Bob Brown CA spans 3,302 acres, including about 200 acres of woodland timber, 850 acres of cropland, 800 acres of old fields, 130 acres of grassland, 3 acres of lakes and ponds more than 1,000 acres of wetlands. The area is bounded by the Missouri River for three and a half miles.

“The north end of the area is the upland portion of the Bob Brown Conservation Area and has lots of higher ground,” said MDC resource assistant Rex Reynolds. “We plant food plots including a lot of legumes, alfalfa, ladino and red clover, milo and millet in this part of the area.”

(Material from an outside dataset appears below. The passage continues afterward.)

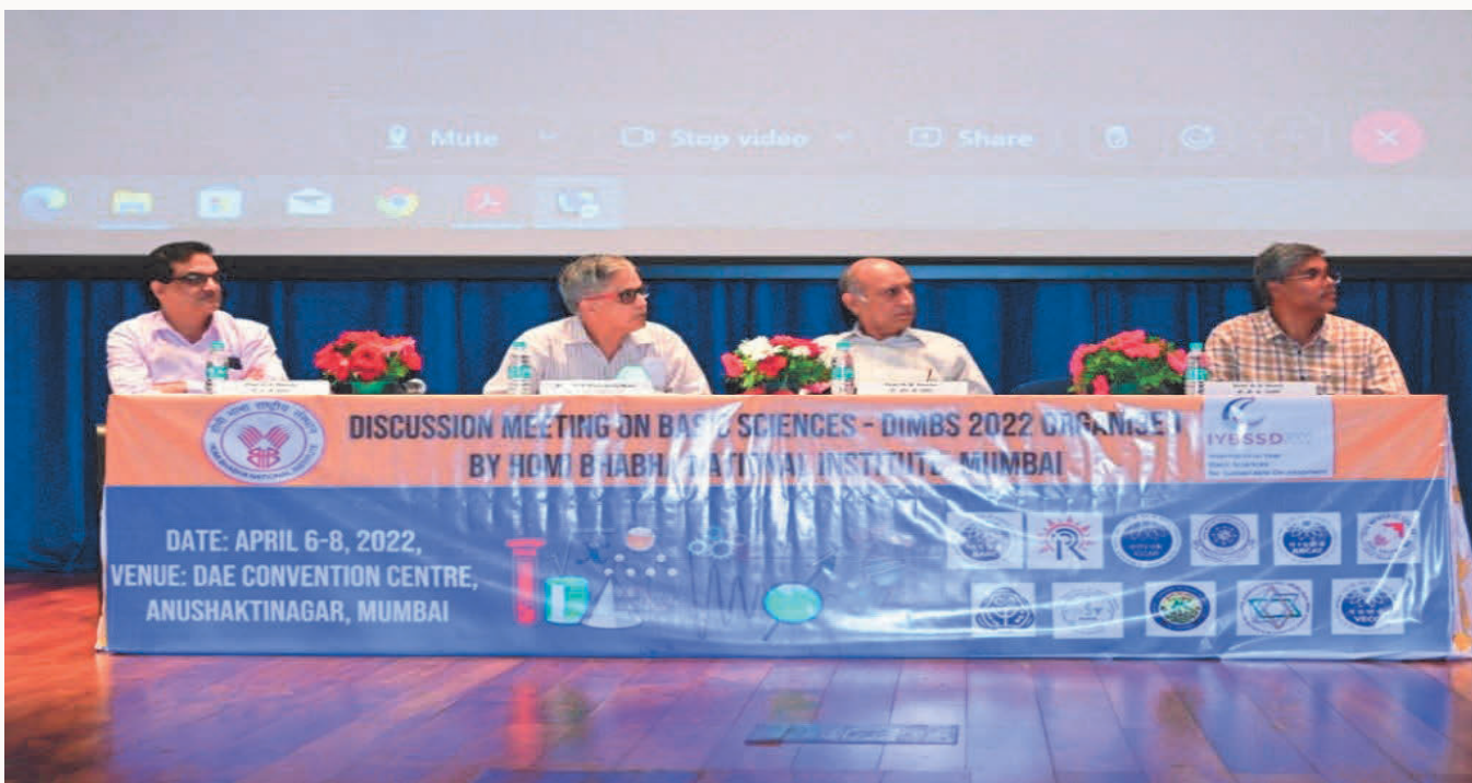
Dignitaries on the dais during the valedictory session of DiMBS-2022

Hunters will find small timbered patches on the upland portion at Bob Brown, as well as two relatively large wooded areas there. Shrub rows and windbreaks are great travel corridors for deer traversing between sanctuaries.

“We get a lot of deer swimming the Missouri River back and forth from Kansas,” Reynolds added. “The deer on this area are very nomadic.”

Deer hunting is limited to archery-only methods -- great news for bowhunters. Keep in mind that as a wetland area, some portions of this public tract are closed to deer hunters during the waterfowl season. Make certain you get an area map and understand all rules and regulations regarding this area before hunting or scouting it. For more information, contact the MDC at (816) 271-3100.

TED SHANKS CA
The northeast region’s Ted Shanks CA is 17 miles south of Hannibal on state Route 79; then, head east on county Route TT in Pike County.

The 6,705-acre CA includes eight and three-quarters miles of Mississippi River frontage. The area’s timber was greatly damaged by the flood of 1993. However, the habitat is recovering and this area offers hunters a great place for using bow and arrow to stick a deer.

“For the past four years we have been doing work on the 2,000-acre lower portion of the area that was damaged by the flood of 1993,” said MDC wildlife management biologist Mike Flaspohler. “We’ve been clearing the dead logs and snags there leftover from the flood and mechanically and chemically disturbing the reed canary grass that had overtaken this portion of the area.”

This area’s mosaic of habitat includes about 750 acres of bottomland hardwood timber, 2,000 acres of marsh, 1,364 acres of mixed shrub/scrub/emergent wetlands, 1,350 acres of row crops, 575 acres of oxbow lakes and sloughs and 722 acres of old fields, upland woods, levees and roads.